Successful prevention of relapse in drug use disorders involves development of new coping strategies to situations that would otherwise stimulate drug-seeking behavior, and establishing new social contacts who do not use illicit substances. Depending upon the treatment program, relapse prevention may rely on attendance at clinical appointments, taking a medication to facilitate abstinence, and attempts at being employed. Cognitive-behavioral approaches can improve outcomes in cocaine use disorders, perhaps through enhancement of decision making. During recovery from each of the major forms of drug abuse, previous studies have demonstrated impairment in learning, memory, and attention [209-211]. Two outpatient-based studies have shown that greater delay after use of cocaine is associated with more severe impairment in cognitive performance [212,213]. Accordingly, protracted withdrawal from cocaine use leads to more pronounced cognitive deficits, which are less severe immediately following use of cocaine. If so, at least part of the motivation for relapse to drug use may be cocaine's ability to normalize mental function during recovery from cocaine dependence.

Because impaired learning, memory, and attention is one of the more well-validated actions of cholinergic antagonists, these agents have at least a relative contraindication for use in patients with substance abuse disorders due their potential for exacerbating cognitive deficits. Even so, recent findings of improved treatment compliance and decreased craving intensity after muscarinic blockade in treatment-seeking patients recovering from cocaine use [142] would support a lessor role of cognitive actions. It is also unclear whether use of cholinergic agonists or cholinesterase inhibition can ameliorate cognitive deficits in this setting. Treatment with galantamine appears to do so during either nicotine withdrawal [198] or recovery from cocaine dependence [196]. Further studies are needed which combine measures of cognitive function and drug-motivated behaviors.

Highlights.

Different classes of cholinergic agents produce biphasic effects on appetitive responding.

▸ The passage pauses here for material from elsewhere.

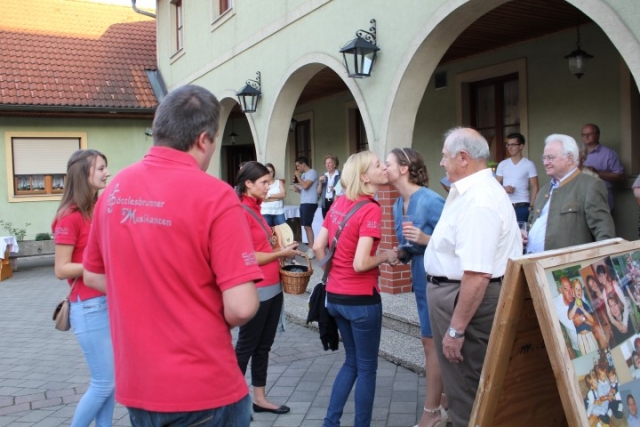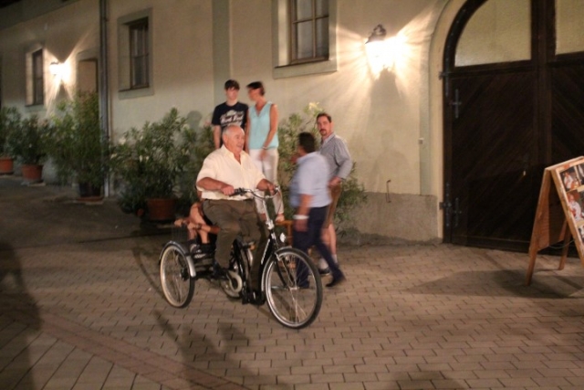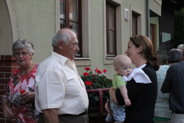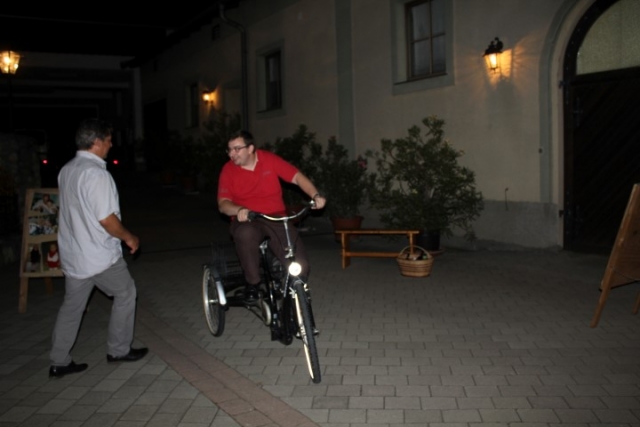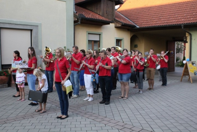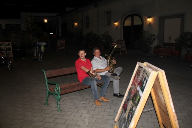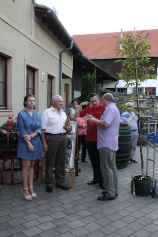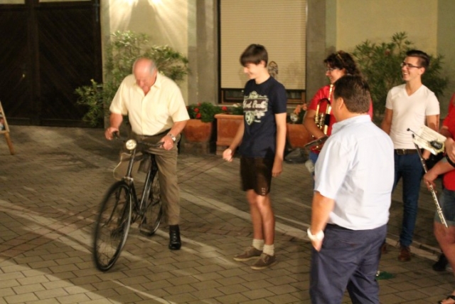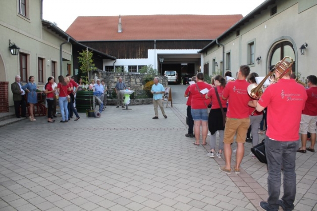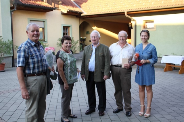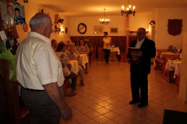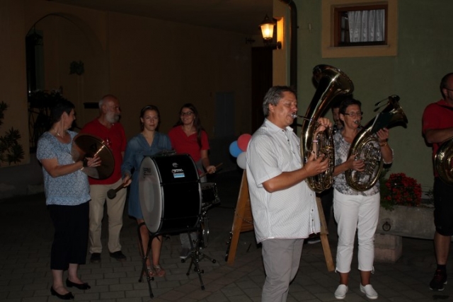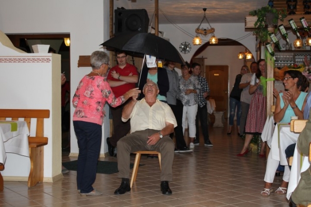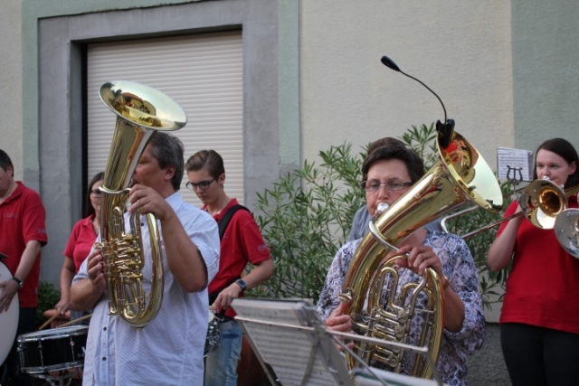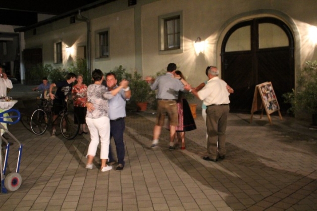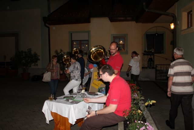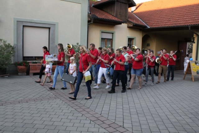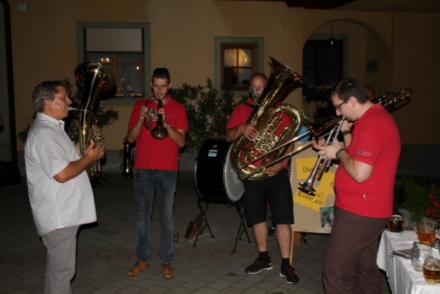 Um zirka 18.15 Uhr marschierte die Jugendblasmusik in klingendem Spiel in den Hof der Familie Paul ein und spielte dort den beiden Geburtstagskindern ein kleines Ständchen. Von Obmann Thomas Flamm und den Marketenderinnen wurden danach die Geschenke überreicht, welche für große Freude und ein leichtes Schmunzeln in den Gesichtern sorgten. Bekannterweise ist die Jugendblasmusik ein großer Fan von Herrn Pauls selbstgemachtem Nussschnaps. Damit auch für die nächsten Feierlichkeiten der Vorrat gesichert ist, wurde dem Jubilar ein Nussbaum geschenkt. Auch Feuerwehrkommandant Alexander Faust überbrachte Glückwünsche im Namen aller Feuerwehrkameraden - leider nur mit einer Flasche Wein, da er den Platz des eigentlichen Geschenks nicht ausfindig machen konnte. Die Überreichung wird aber natürlich bald nachgeholt. Nach den etlichen Gratulationen und Glückwünschen war es endlich soweit und der Hunger konnte mit köstlichen Stelzen gestillt werden. Dank des herrlichen Wetters konnte der Großteil der Feier im Freien stattfinden, wo Anton Paul unter anderem das Geschenk seiner Familie überreicht bekam. Wählen kann er zwischen einem Elektrorad, einem Dreirad oder einem Moped. Die Fahrzeuge musste er natürlich gleich auf deren Tauglichkeit testen, was für uns Zuseher ein Riesenspaß war. Wie so oft, wollten auch diesmal einige unserer Musikanten ihr Instrument nicht aus der Hand geben und boten ein lustiges, stimmungsvolles und teilweise chaotisches Musikprogramm. Dazu wurde von den anderen Gästen fleißig getanzt und geklatscht. Die Stimmung war ausgezeichnet und hielt bis in die frühen Morgenstunden an. Es war eine sehr tolle Feier, die uns allen noch lange in Erinnerung bleiben wird. |

Phasic activation of cholinergic tone in the nucleus accumbens and VTA above a low-level threshold appears to increase the likelihood of rewarded behaviors.

Greater and more prolonged activation in the same brain regions above a second higher-level threshold is associated with a decreased likelihood of reward.

Cholinergic effects on the nicotinic receptor function, dopamine release, and the firing of medium spiny neurons are potential mediators of thresholds that shape behavior.

High-affinity β2* nicotinic receptors appear to play a greater role in reward enhancement, with low-affinity homomeric α7 receptors underlying reward inhibition.